Limits of absolute vector magnetometry with NV centers in diamond
Dennis Lönard, Isabel Cardoso Barbosa, Stefan Johansson, Jonas Gutsche, Artur Widera
TL;DR
This work tackles absolute vector magnetometry with NV centers by deriving exact, analytic formulas that map between the magnetic-field vector $\mathbf{B}$ and spin-resonance frequencies across the four NV axes, enabling rapid field reconstruction with minimal computational cost. It presents a depressed-cubic framework for the NV Hamiltonian, yielding Viète-based solutions for resonance frequencies from $\mathbf{B}$ and closed-form expressions to infer $\mathcal{B}$ and $\theta$ from measured resonances, while also reconstructing the full field using a BLUE estimator across four NV axes and exploiting $O_h$ symmetry.
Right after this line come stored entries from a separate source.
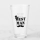 Trauzeuge-Glas mit Oberhut und Schnurrbart-Motiv und Schablonenschrift. Ideal für Junggesellenabende und Hochzeitsfeiern. Personalisiert mit Namen und Datum auf der Rückseite.
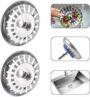 2 Stück Küchenspüle-Sieb aus Edelstahl, Abflusssieb mit Gummistopfen, Ersatz für Küchenspüle, Abflusssieb (8,9 cm)
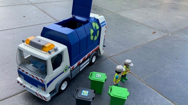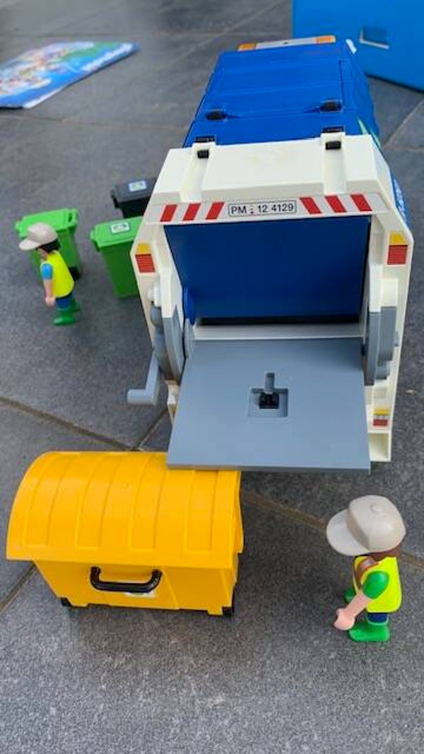 Deze set bevat 2 speelfiguren, 2 vuilbakken en een afvalcontainer.
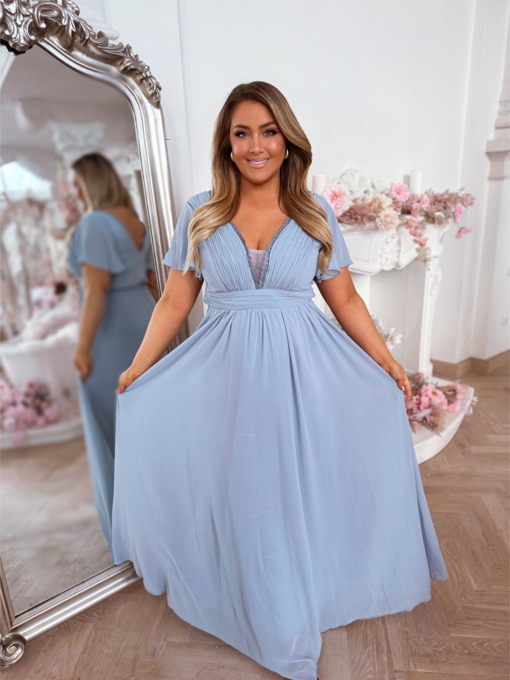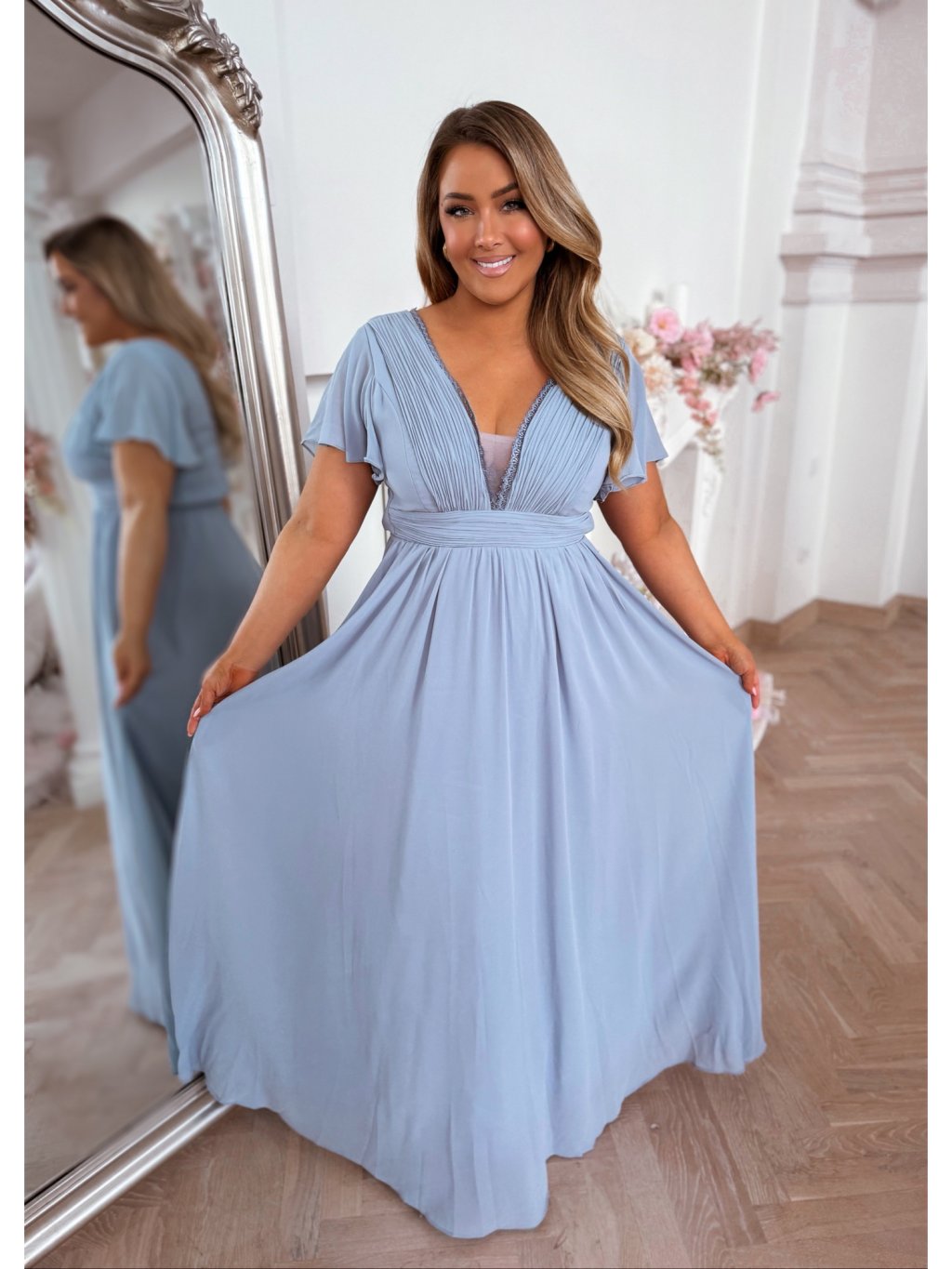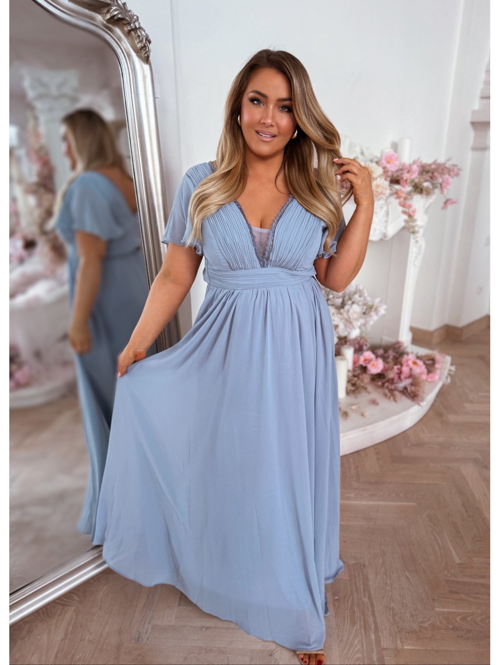 A hosszú, alkalmi ruha rövid ujjal, gumis derékkal és bő szoknyával rendelkezik. A modell 168 cm magas és XL (42) méretet visel.
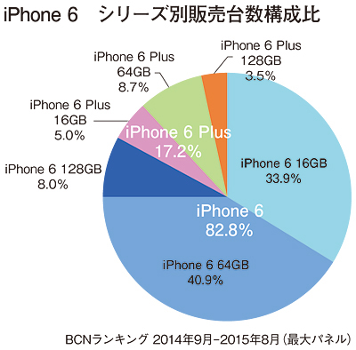 iPhone 6/6 Plus発売からこの8月までの1年間、モデル別の販売台数(BCNランキング集計)は4.7インチのiPhone 6が82.8%と大部分を占めた。
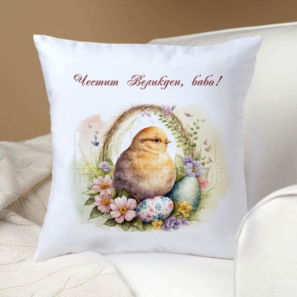 Нашата великденска възглавница е украсена със зашеметяващи мотиви, които вдъхновяват усмивки и радост. Възможността за персонализация с име или послание за Великден добавя уникалност и индивидуалност към всяка възглавница.
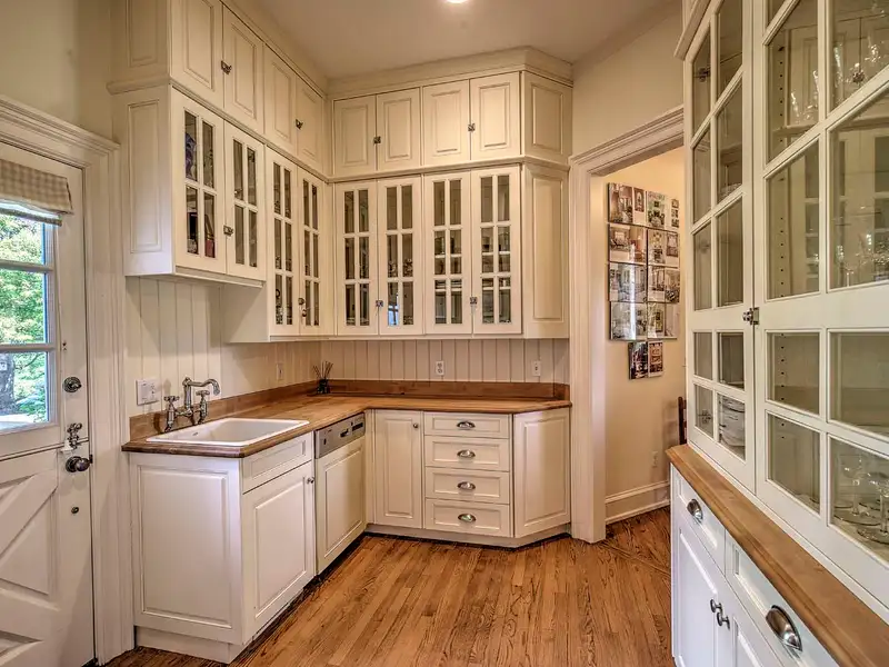 The epicurean kitchen presents a center island with a prep sink, Franke farmhouse sink, custom cabinetry and a sun-splashed dining area with a domed ceiling featuring a hand-painted cloud mural. A collection of high-end appliances includes a Viking range, Sub-Zero refrigerator, Bosch dishwasher and wine refrigerator. Adjacent to the kitchen is a secondary office space and a butler's pantry. The floor plan continues into a great room set under towering vaulted ceilings accented by reclaimed wood beams. Natural light spills into this space from fixed upper windows and French doors to the porch, while a floor-to-ceiling stone fireplace is a handsome focal point. This part of the home is completed by a mudroom with storage options, informal powder room, staircase to the finished lower level, secondary stairs to the bedroom level, and access to the porte-cochère and garage.
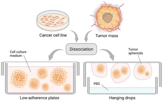 Formation of cancer cell spheroids and tumorspheres. Spheroids are formed from the dissociation of cancer cell monolayers/tumor masses upon cell growth in suspension. This can be achieved by culture in low-adherence plates (left) or by applying the hanging drop method (right). Created with BioRender.com.
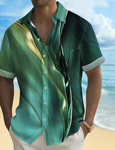 Per uomo Geometrico Onde Arte astratta Camicia Camicia Estiva Camicia con Bottoni Manica Corta Moda Casual Vacanza Ferie Abbigliamento casual alla moda Estate Collo ripiegato Stampa 3D Una tasca
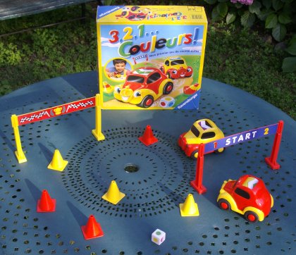 Les voitures contiennent une roue colorée. Quand la voiture avance, les couleurs changent. Et dès que la couleur du dé apparaît, il faut arrêter d'avancer la voiture. C'est magique ! Les parties durent de trois minutes à six heures selon la distance dont vous séparerez la ligne de départ de celle d'arrivée. 1998 : 3, 2, 1… Couleurs ! chez Ravensburger
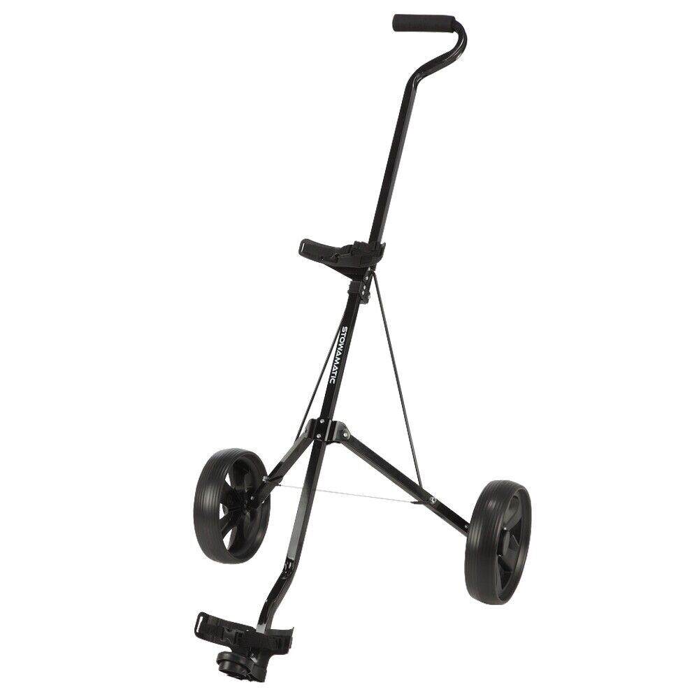A lightweight and versatile golf cart, this folds up in half in one fluid motion for easy storage and transportation. This golf cart features sturdy steel construction, wide wheel base for stability, ball-bearing wheels for smooth rolling, nylon bag straps and snap lock buckles, with wide base, keep your bag securely anchored. This Product is protected and backed up with a 12 month warranty.
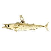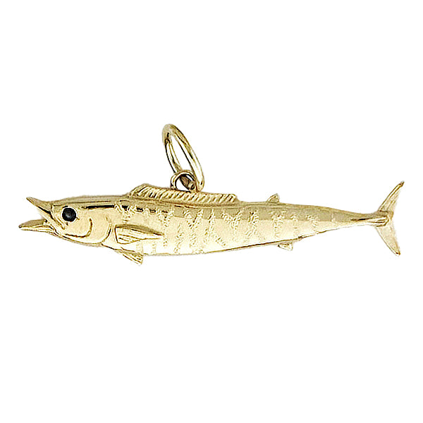 14K yellow gold Wahoo Charm with .01ct. blue sapphire set eye and measures 1 1/8" long and has a 4.0mm opening jump ring. Offered in half round/detail only on one side and weighs 1.0 grams.
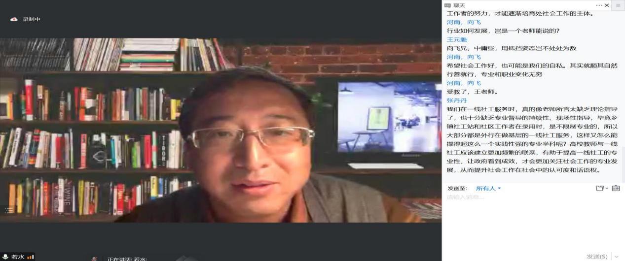 在交流互动环节中,我院师生积极在评论区向焦老师提出有关社会工作发展的各项问题,焦老师都一一耐心回应,认真解答。讲座尾声,甘肃政法大学任文启教授根据焦老师的学术讲座,作出三点总结:一是中国社会工作要避免社会工作“神学化”的倾向,勇于承认自身的不足,要实实在在做一些事,才能知道未来在哪;二是要在中国现存的福利制度框架内确定社会工作的边界;三是“位”与“育”可以在现阶段中国社会工作发展上有差距。任文启教授指出目前中国社会工作处于“能做”阶段,距离“想做”、“需要做”还有一段距离,因此,在现阶段社会工作的发展可以“位”先于“育”。
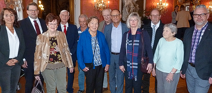 Das Training hat sich gelohnt: Der „Goldene Fisch“ für das Jahr 2022 – ein Abzeichen, das die Stadt Fulda an eifrige Badegäste und regelmäßige Schwimmer:innen vergibt, ist auch der Gruppe von Schwimmern und Aquagymnasten des Mediana Wohnstifts verliehen worden. Acht Bewohner und Bewohnerinnen in Begleitung ihrer Trainerin Claudia Tegethoff und Einrichtungsleiter Mike Mann nahmen im Fürstensaal des Stadtschlosses die Auszeichnung aus den Händen von Oberbürgermeister Dr. Heiko Wingenfeld entgegen.
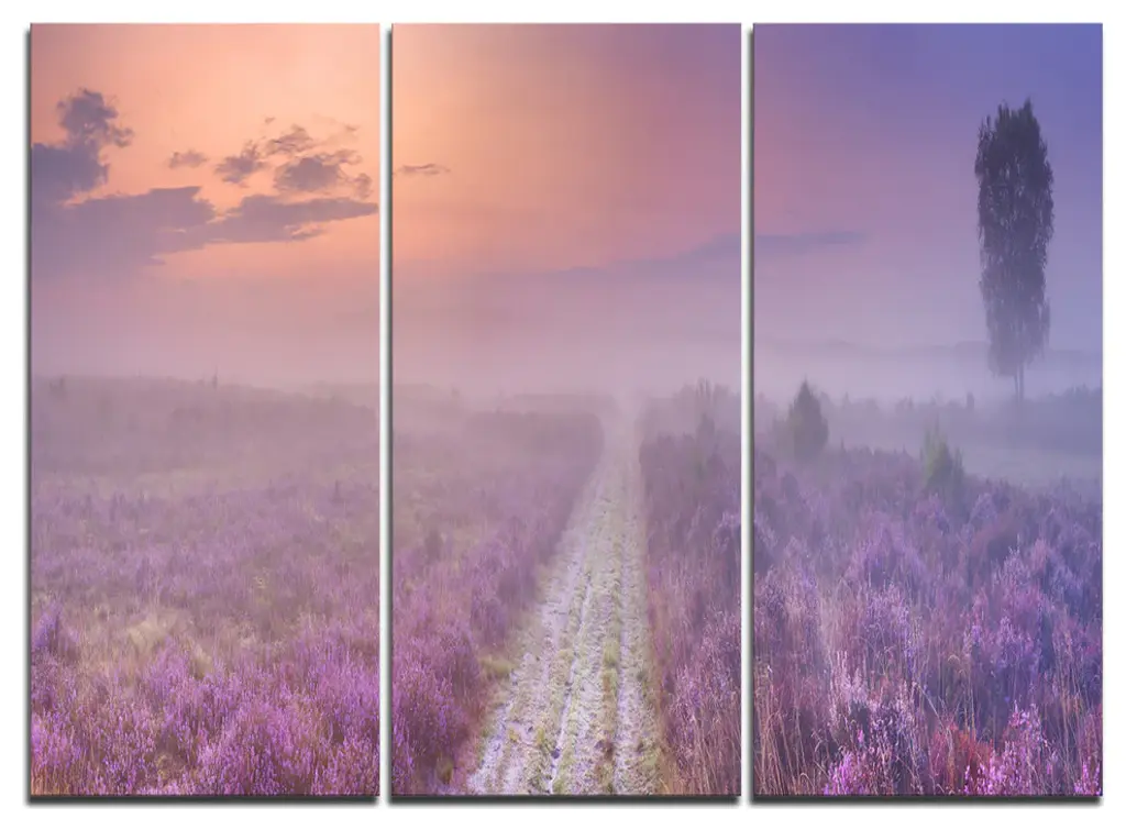 "Magic Pink Flowers On Mountains" Photo Metal Wall Art, 3 Panels, 36"x28"

The study highlights the dominant role of the NV gyromagnetic ratio uncertainty $\gamma_{\text{NV}}$ (and associated $g_{\text{NV}}$) in absolute-field accuracy—often at the $\mu$T level at practical fields—plus systematic errors from slight misalignment, and shows that exact formulas substantially reduce computational time compared to optimization-based approaches. It also demonstrates that using a Voigt profile to fit ODMR spectra yields more accurate linewidths and higher-fidelity sensitivities than Gaussian or Lorentzian fits, enabling instantaneous diagnostics of power broadening from a single spectrum. Together, these results provide a practical, fast, and accurate framework for absolute NV-based vector magnetometry with openly available data and software.
Abstract
The nitrogen-vacancy (NV) center in diamond has become a widely used platform for quantum sensing. The four NV axes in mono-crystalline diamond specifically allow for vector magnetometry, with magnetic-field sensitivities reaching down to $\mathrm{fT}/ \sqrt{\mathrm{Hz}}$. The current literature primarily focuses on improving the precision of NV-based magnetometers. Here, we study the experimental accuracy of determining the magnetic field from measured spin-resonance frequencies via solving the NV Hamiltonian. We derive exact, analytical, and fast-to-compute formulas for calculating resonance frequencies from a known magnetic-field vector, and vice versa, formulas for calculating the magnetic-field vector from measured resonance frequencies. Additionally, the accuracy of often-used approximations is assessed. Finally, we promote using the Voigt profile as a fit model to determine the linewidth of measured resonances accurately. An open-source Python package accompanies our analysis.